[RECORDS FOR THE EXERCISE]
++++++++

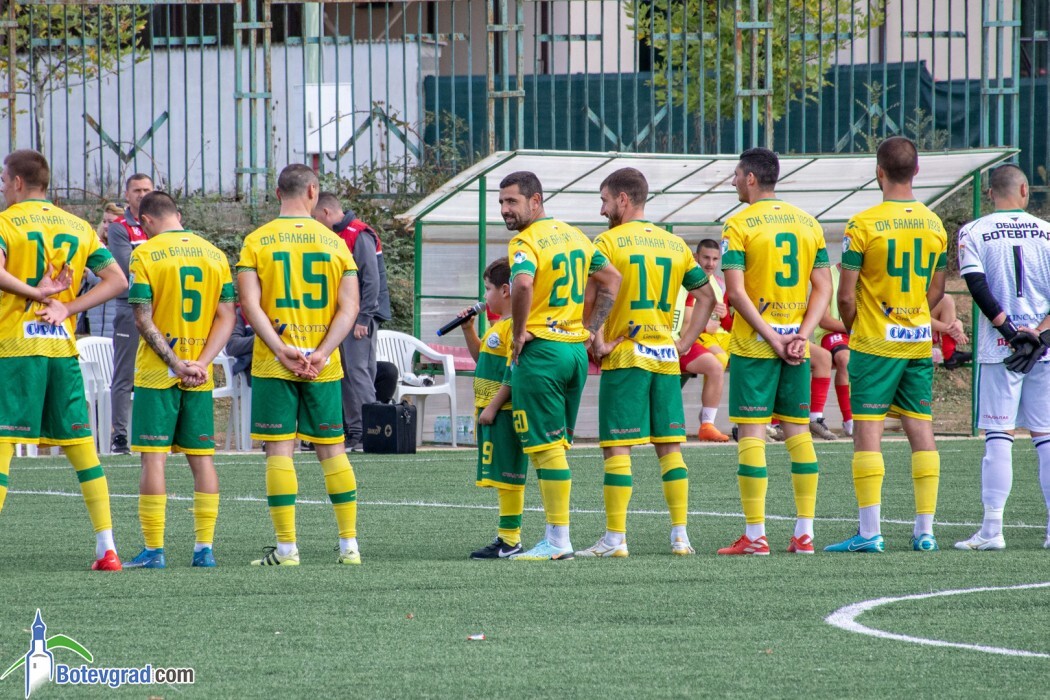 Много бързо обаче футболистите на Балкан влязоха в необходимия ритъм. Проведоха няколко добри атаки, при една от които се стигна до изравнителен гол. Удар на Димитър Руйчев бе отбит от вратаря на домакините, топката попадна у Калоян Бонев, който я прати във вратата за 1-1.
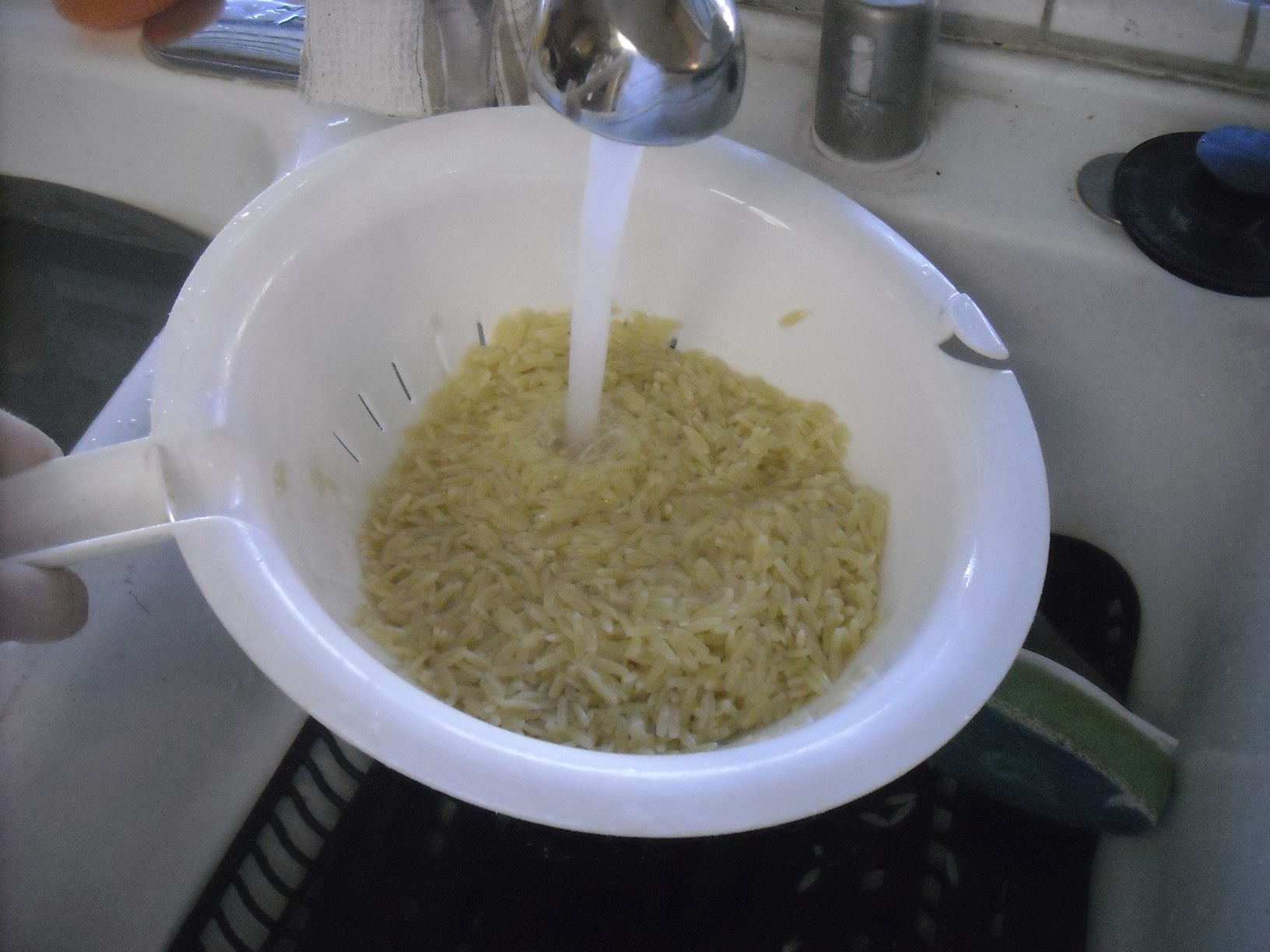 If you’re making a cold pasta salad, like yesterday’s Greek Orzo Salad, you should rinse the pasta with cold water. It gets rid of all the starchiness and makes for a tastier cold-pasta salad. Also, when you rinse it in cold water, it helps significantly cool down the pasta so you can make your cold-pasta salad faster.
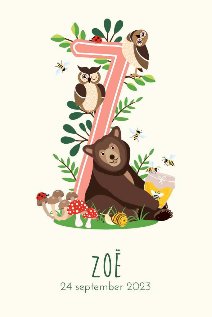 Geboortekaartje voor meisje met alfabet letter Z en bosdieren
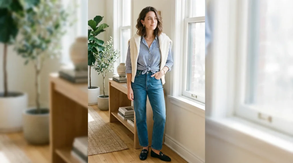 | The Classic Reimagined | Striped shirt, jeans, loafers, knit | Remote, business casual |
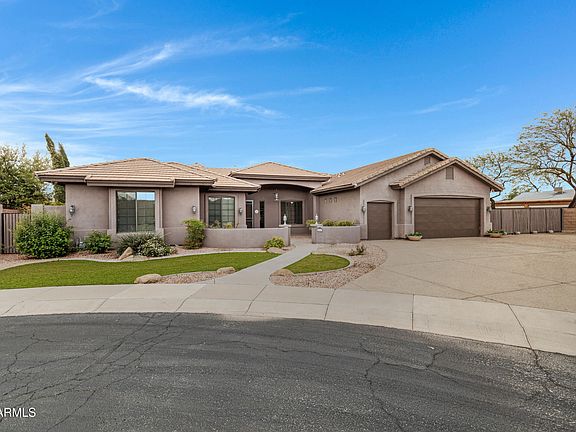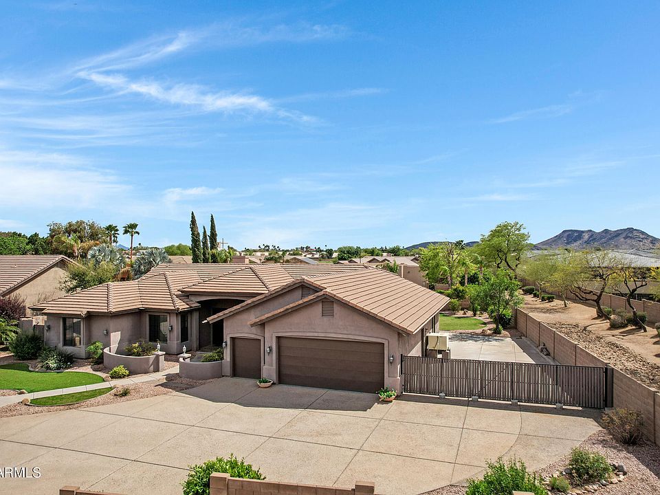 * LOCATION * VALUE * REFRESHED PRICE * WHAT ARE YOU WAITING FOR? * Within minutes to everyday amenities AND Lake Pleasant, this beauty is situated within an intimate GATED community and resides on a PREMIUM .38 acre CUL DE SAC LOT. Move-in ready and awaiting your arrival, this property boasts overall style inside and out. Inside, with its natural flow, the livingroom with gas stone fireplace, dining area with coffered ceilings, and kitchen with eat-in nook, abundant cabinetry, island and breakfast bar beckon All for gathering and entertaining. The spacious PRIMARY ENSUITE invites relaxation with its DUAL VANITIES, oversized GLASS BLOCK SHOWER, SPACIOUS WALK-IN CLOSET, AND PRIVATE EXIT to backyard amenities. Venture outside, where the quiet location commands your attention and provides the perfect backdrop to the massive covered patio, landscaped yard with BUILT-IN BBQ, lush grass, ceiling fans, and HUGE side yard with RV GATE! Workshop? Garage storage? Home Gym? Ofc Space? Don't miss the FLEX ROOM connected to the main house and 3 car garage! With it's huge list of amenities, you have to SEE this stunner to BELIEVE it - see it NOW before it's GONE!
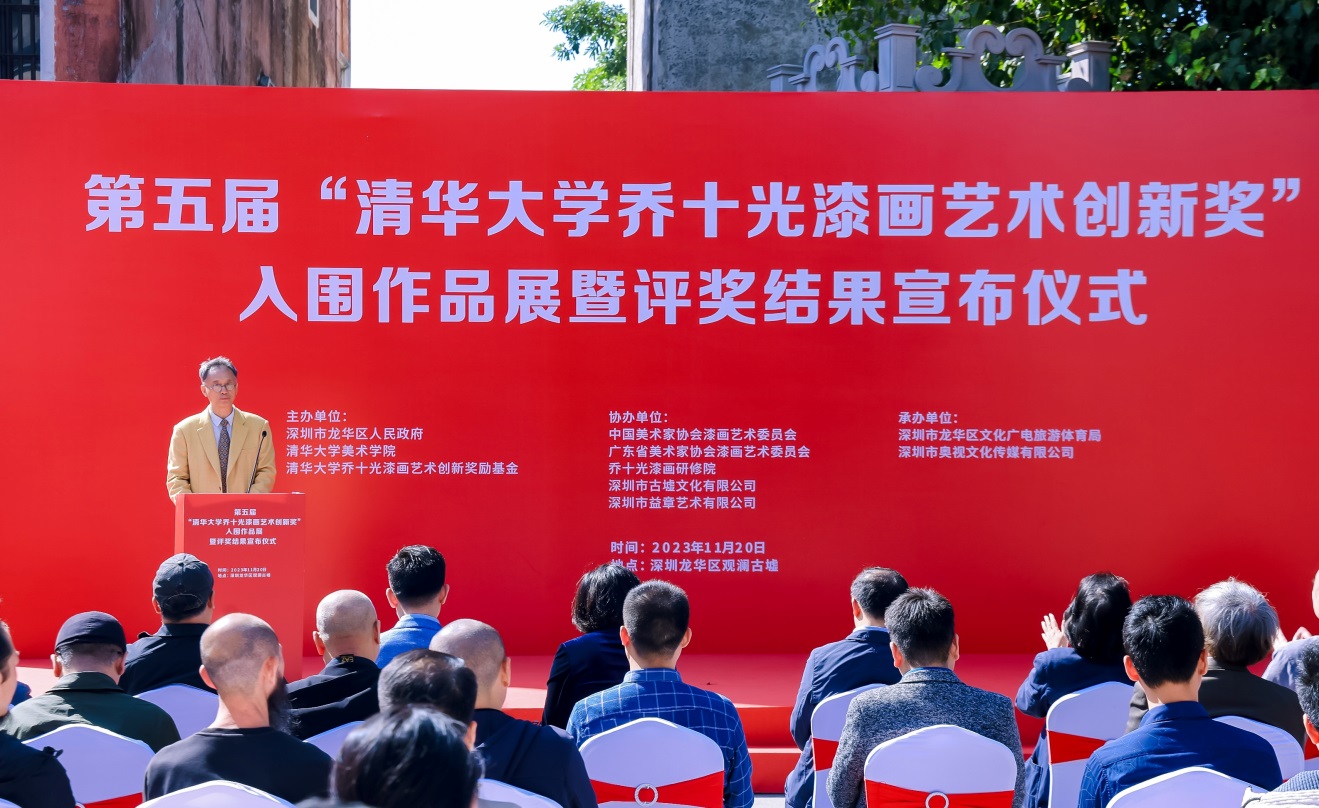 本次活动由深圳市龙华区人民政府、华体会娱乐平台美术学院、华体会娱乐平台乔十光漆画艺术创新奖励基金主办,深圳市龙华区文化广电旅游体育局等单位承办。龙华区委常委、宣传部部长黄立敏,深圳市龙华区文化广电旅游体育局党组书记、局长赵广锐,华体会娱乐平台美术学院院长、华体会娱乐平台乔十光漆画艺术创新奖励基金管委会主任马赛,福建省美术家协会副主席、中国美术家协会漆画艺术委员会主任陈金华等领导、专家和嘉宾出席活动。活动由教育部首届全国高校美育教学指导委员会委员、清华美院教授、乔十光漆画艺术奖管委会副主任兼秘书长卢新华主持。

++++++++

Would you please reproduce verbatim the run of lines that opens the listing and ends with the line holding "business casual |", and only that run, leaving every picture out?

 Много бързо обаче футболистите на Балкан влязоха в необходимия ритъм. Проведоха няколко добри атаки, при една от които се стигна до изравнителен гол. Удар на Димитър Руйчев бе отбит от вратаря на домакините, топката попадна у Калоян Бонев, който я прати във вратата за 1-1.
 If you’re making a cold pasta salad, like yesterday’s Greek Orzo Salad, you should rinse the pasta with cold water. It gets rid of all the starchiness and makes for a tastier cold-pasta salad. Also, when you rinse it in cold water, it helps significantly cool down the pasta so you can make your cold-pasta salad faster.
 Geboortekaartje voor meisje met alfabet letter Z en bosdieren
 | The Classic Reimagined | Striped shirt, jeans, loafers, knit | Remote, business casual |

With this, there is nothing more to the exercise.